Looking into Steamer Pans to go on the hob. Any suggestions on what to look for along with what to avoid?

Sent from my SM-G960F using Tapatalk


----------



## Caledoniandream (Oct 9, 2009)

For the last 8 years we use a cheapo from Matalan, done us great service and get used most of the days. 
All stainless steel so goes in the dishwasher (if we had one) 
And big enough, at least for the two of us, two tier, works a treat and saved us a fortune on electricity as most of the days we only need to use only one ring.
Love it and the veg stay so much nicer.


----------



## slim_boy_fat (Jun 23, 2006)

I have one of these gadgets which open up like a flower and fit inside a normal pan so will fit most sizes and doesn't need much water.

It might not be big enough for a few folk but since I live alone it does me fine. Like this https://www.amazon.co.uk/Vegetable-Vicloon-Adjustable-Collapsible-Accessories/dp/B01M0XBZXG/ref=asc_df_B01M0XBZXG/?tag=googshopuk-21&linkCode=df0&hvadid=205249247710&hvpos=&hvnetw=g&hvrand=487569398155849174&hvpone=&hvptwo=&hvqmt=&hvdev=c&hvdvcmdl=&hvlocint=&hvlocphy=2826&hvtargid=pla-423403338955&psc=1


----------



## Caledoniandream (Oct 9, 2009)

Just checked they still sell the same one for £7.50 of course you can also go for a Procook for £89.- they both do the same.
In general 1.5-2 cm water does the trick, boils quick so you are not waiting forever.
Both working so time is crucial for us.


----------



## J306TD (May 19, 2008)

Thanks guys. It was more of a tiered steamer with at least 2 sectons

Sent from my SM-G960F using Tapatalk


----------



## Darlofan (Nov 24, 2010)

J306TD said:


> Thanks guys. It was more of a tiered steamer with at least 2 sectons
> 
> Sent from my SM-G960F using Tapatalk


My mum has used these for years now. I keep saying we should get one as using one hob to cook all her Sunday roast veg/potatoes must save so much electric.

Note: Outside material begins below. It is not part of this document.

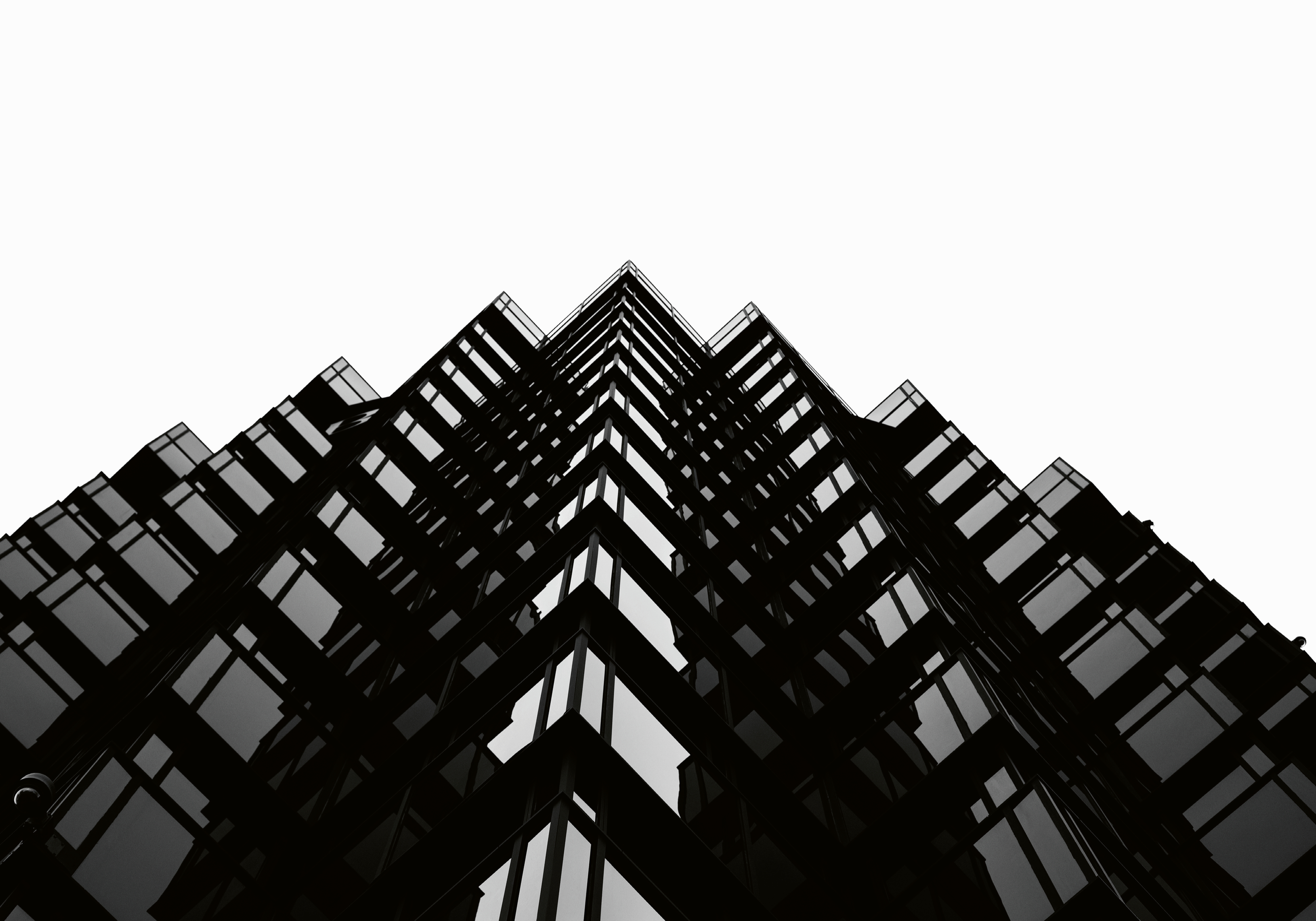 下から見上げた高いビルのポスターです。黒いガラスの建物が白い空と美しく対比しています。シンプルでモダンなデザインです。

Asked her last night and her current set are just from Asda, so nothing flash. She's had them 8yrs she reckons. Set before that we're from Rumbelows she thinks and lasted 20odd yrs:lol:


----------



## percymon (Jun 27, 2007)

Had the electric ones, had the stove top ones. Got rid of all of them in favour of microwave steam bags. 

Steamers were OK but always difficult to judge different veg timings an/or order in the stack. Also took up storage space

Micro bags are cheap, and cooking time is 2-4 minutes - they also seem to keep more flavour than steamers


----------